🤖 AI Summary
Attention-based multiple instance learning (MIL) for whole-slide image (WSI) classification is vulnerable to staining artifacts and non-causal tissue morphologies, leading to unreliable patch-level predictions and poor interpretability. Method: We propose FocusMIL, a causally grounded max-pooling MIL framework that systematically demonstrates— for the first time—the superior robustness of max-pooling over attention mechanisms in isolating causal histopathological features while avoiding spurious correlations. Its lightweight, end-to-end trainable architecture requires no auxiliary supervision or complex regularization.

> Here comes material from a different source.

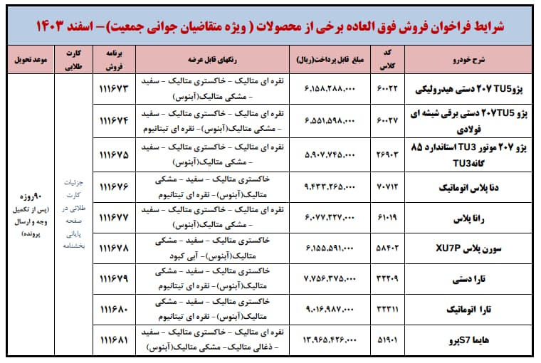 جزئیات فروش فوق العاده محصولات ایران خودرو ویژه متقاضیان جوانی جمعیت-اسفند ماه 1403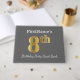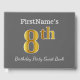 This guest book design features the ordinal number "8th" with a faux/imitation gold-like appearance. It also features a personalized name, and a gray (grey) colored background. It could be used at a birthday party for somebody who is celebrating their eighth birthday. [~Z0000193]

Results: Evaluated on two public WSI benchmarks, FocusMIL significantly outperforms state-of-the-art attention-based MIL methods in classification accuracy, patch-level prediction consistency, and heatmap interpretability. It establishes a new paradigm for computational pathology that jointly ensures generalizability and causal validity.
📝 Abstract
Although attention-based multi-instance learning (MIL) algorithms have achieved impressive performance on slide-level whole slide image (WSI) classification tasks, they are prone to mistakenly focusing on irrelevant patterns such as staining conditions and tissue morphology, leading to incorrect patch-level predictions and unreliable interpretability. In this paper, we analyze why attention-based methods tend to rely on spurious correlations in their predictions. Furthermore, we revisit max-pooling-based approaches and examine the reasons behind the underperformance of existing methods. We argue that well-trained max-pooling-based MIL models can make predictions based on causal factors and avoid relying on spurious correlations. Building on these insights, we propose a simple yet effective max-pooling-based MIL method (FocusMIL) that outperforms existing mainstream attention-based methods on two datasets. In this position paper, we advocate renewed attention to max-pooling-based methods to achieve more robust and interpretable predictions.